Repeat every line from the line containing "Classic Shiny Silver" to the end of the data, exactly. Leave the pictures out.

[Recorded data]
========================================================================

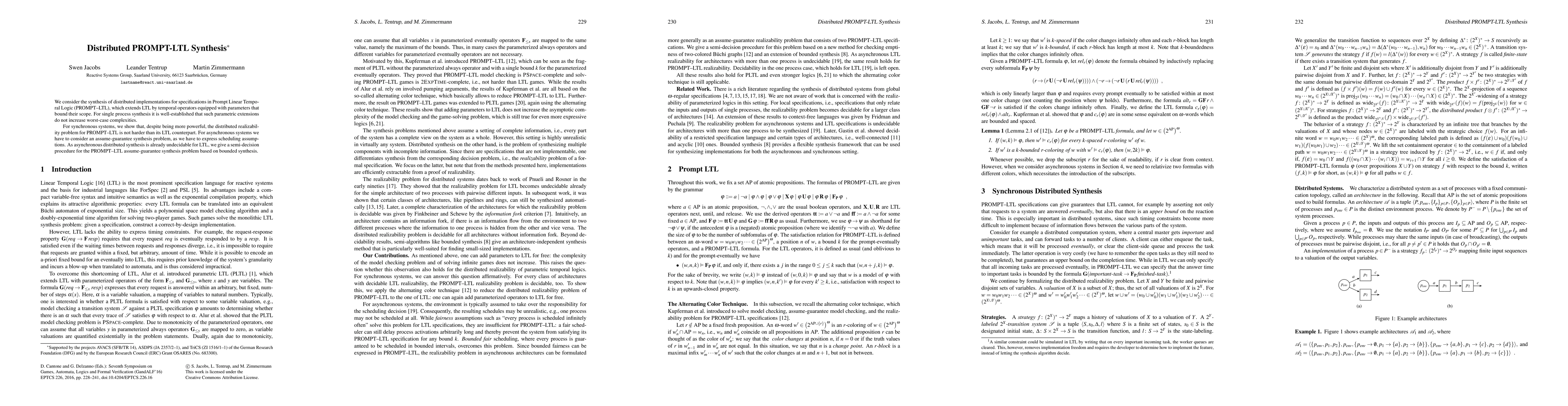 We consider the synthesis of distributed implementations for specifications in Prompt Linear Temporal Logic (PROMPT-LTL), which extends LTL by temporal operators equipped with parameters that bound their scope. For single process synthesis it is well-established that such parametric extensions do not increase worst-case complexities. For synchronous systems, we show that, despite being more powerful, the distributed realizability problem for PROMPT-LTL is not harder than its LTL counterpart. For asynchronous systems we have to consider an assume-guarantee synthesis problem, as we have to express scheduling assumptions. As asynchronous distributed synthesis is already undecidable for LTL, we give a semi-decision procedure for the PROMPT-LTL assume-guarantee synthesis problem based on bounded synthesis.
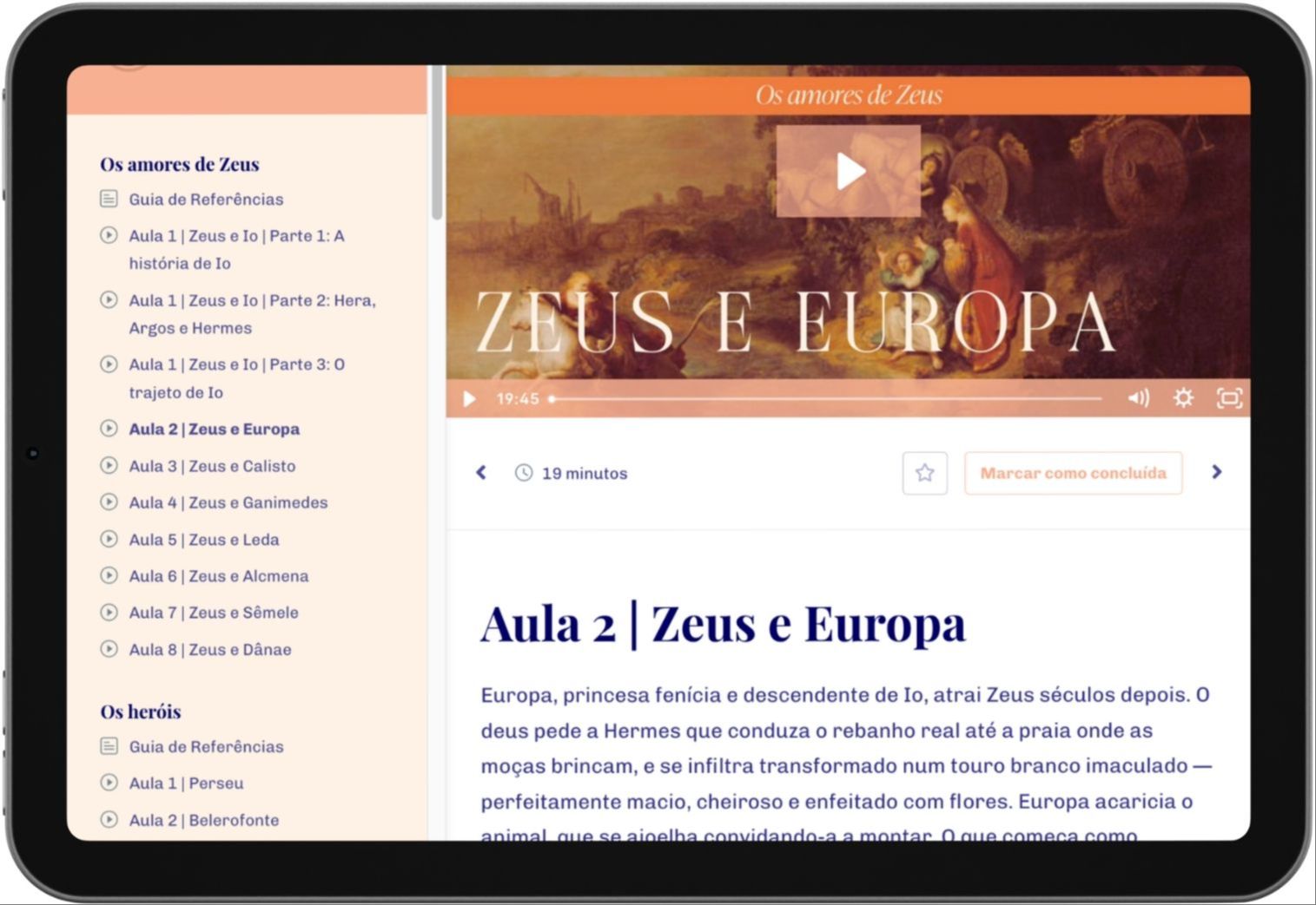 Assine o Plano Deuses agora e tenha acesso imediato a mais de 70 aulas ministradas pelo professor Moreno, gravadas ao longo dos últimos anos (desde o início deste projeto!). Nas aulas, o professor nos conduz por diferentes expressões artísticas daqueles que se dedicaram a representar as cenas emblemáticas da Mitologia ao longo dos séculos. Já são cinco módulos disponíveis: Os amores de Zeus; Os heróis; A saga de Troia; Odisseia e Metamorfoses.
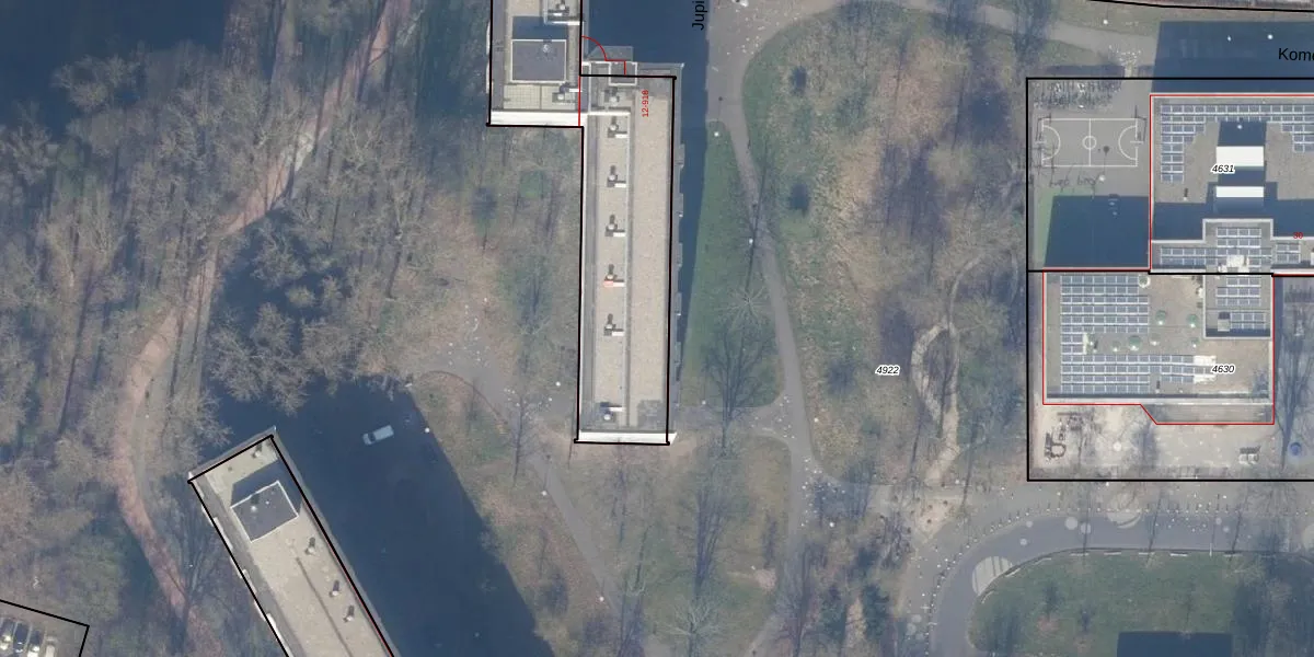 Het perceel waarop Jupiter 16 staat heeft een oppervlakte van 4247 m². Dit is een zeer groot perceel. De perceeloppervlakte wordt geregistreerd door het Kadaster. Gedetailleerde informatie over de maten van dit perceel kunt u vinden in het rapport Kadastrale kaart met maatvoering van Jupiter 16.
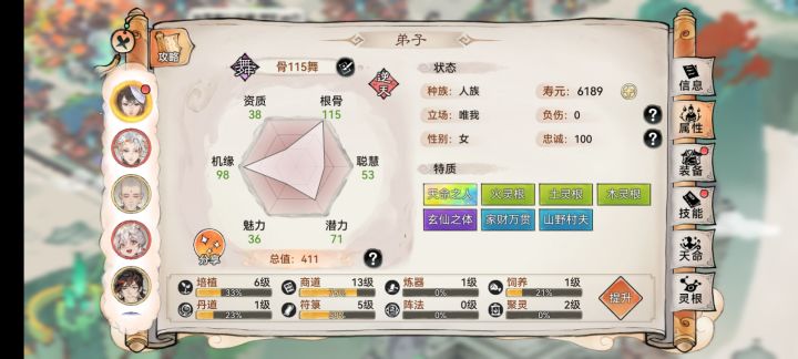 所选六维:体质体质昵称:炉鼎之体特质描述:你来到这个世界唯一的使命就是做为某个不可描述位面之子的传功炉鼎。特质加成描述:潜力-30、机缘-30、资质+15、根骨+15,传功所需仙玉减少30%,根基受损、道基受损、道基崩坏的恢复时间减少50%;
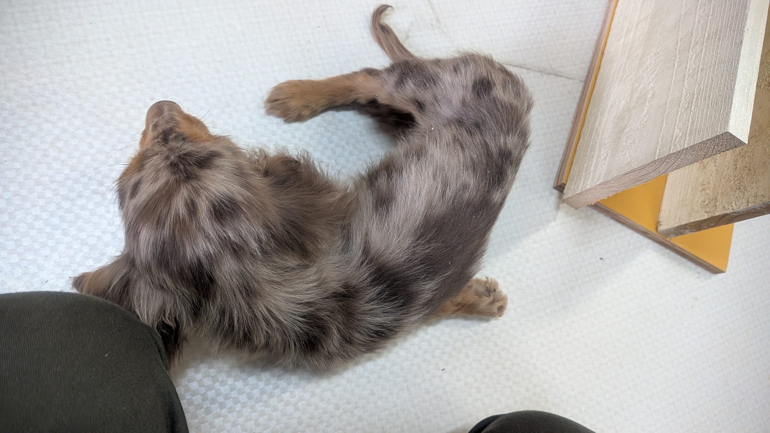 4か月で、2ヶ月のシュナちゃんより小さい子なのですが、小さすぎて成長が遅く、あまり歩けません
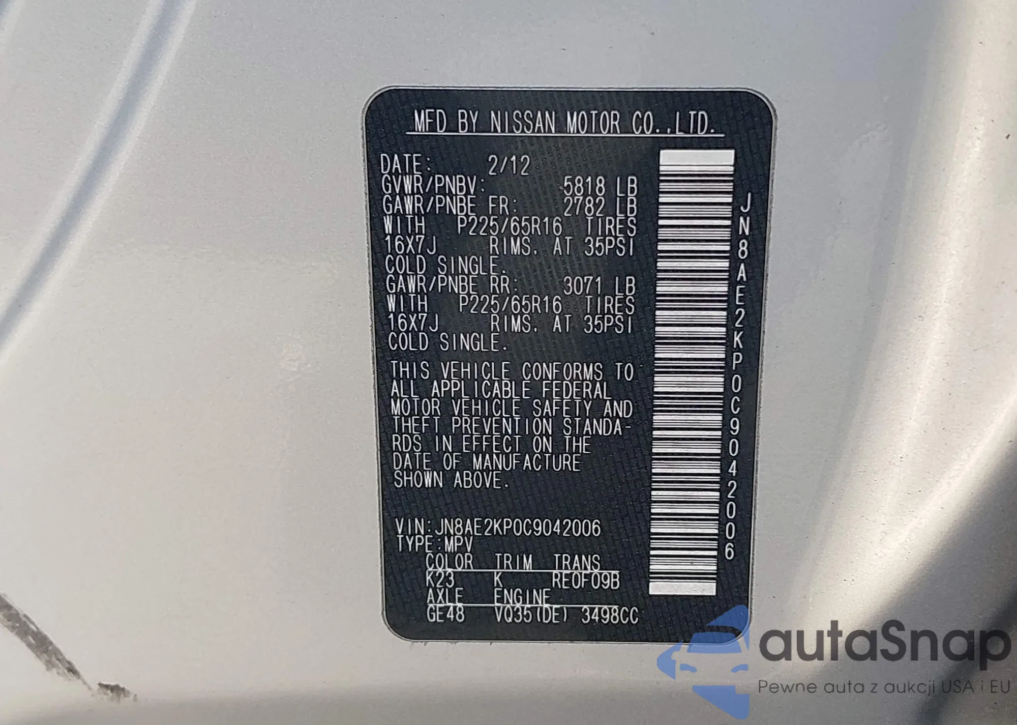 LOT: 43966115 VIN: JN8AE2KP0C9042006
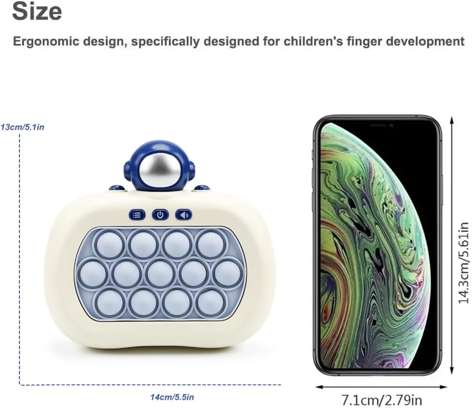 - 【Safe and Durable】The pop fidget toy is made of high-quality silicone and plastic, which is sensitive to the touch, just gently press the bubbles, not easy to damage, and is safe, and durable. The non-slip handle, compact and lightweight, and ergonomic design allow kids to enjoy the game anytime, anywhere, helping them away from phones and tablets, and effectively reducing screen time. Note: The game console needs 5 AAA batteries to be used (the product does not include batteries)
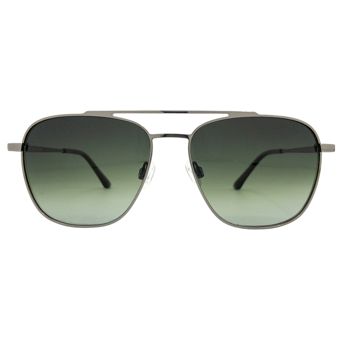 Classic Shiny Silver Squared Navigator Metal Frames With Double Bridge And Tinted A/R Coated Lenses
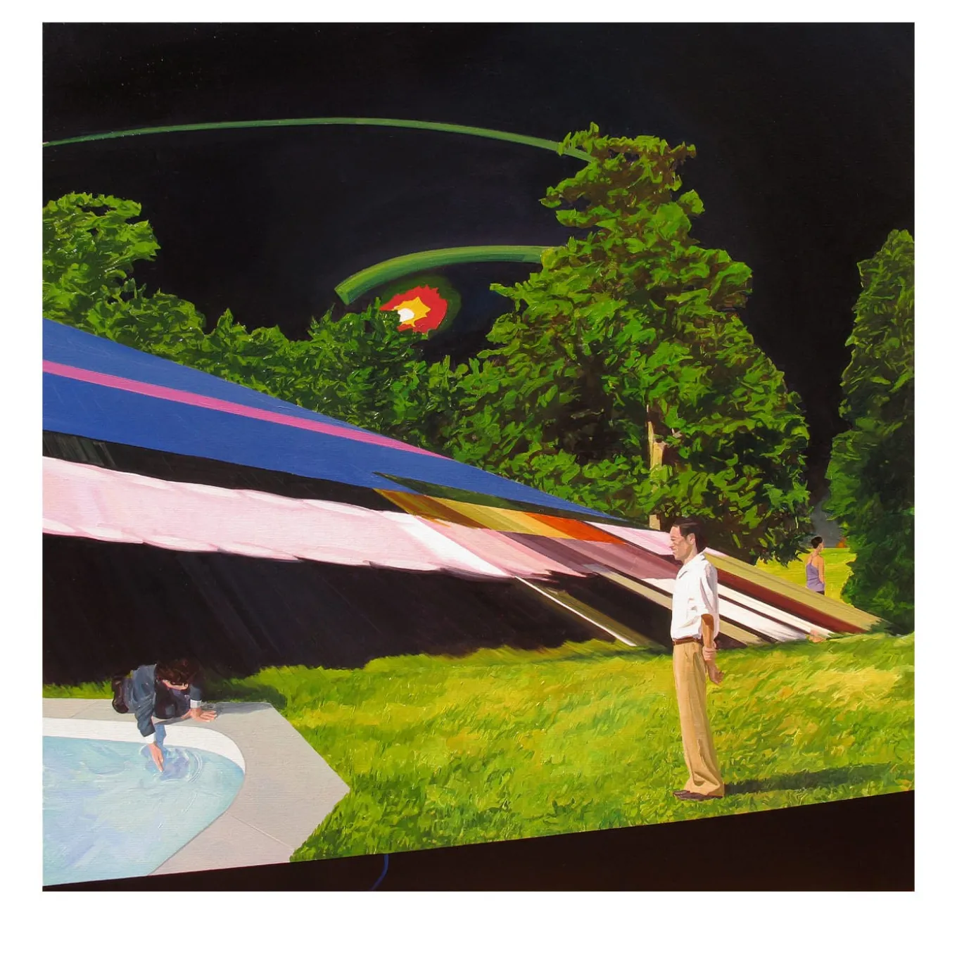 Rich in surrealist influences, this singular oil painting – named “Spirali di luce e tenda elettromagnetica avvolgono mezzo campo con piscina” – belongs to a series distinguished by whimsical elements that burst into the scene. The people dotting the scene around the pool seem to be waiting for the surrealist-inspired awning to re-wrap and leave everything in an unaltered state.

========================================================================

:: RESPONSE AREA ::
 Classic Shiny Silver Squared Navigator Metal Frames With Double Bridge And Tinted A/R Coated Lenses
 Rich in surrealist influences, this singular oil painting – named “Spirali di luce e tenda elettromagnetica avvolgono mezzo campo con piscina” – belongs to a series distinguished by whimsical elements that burst into the scene. The people dotting the scene around the pool seem to be waiting for the surrealist-inspired awning to re-wrap and leave everything in an unaltered state.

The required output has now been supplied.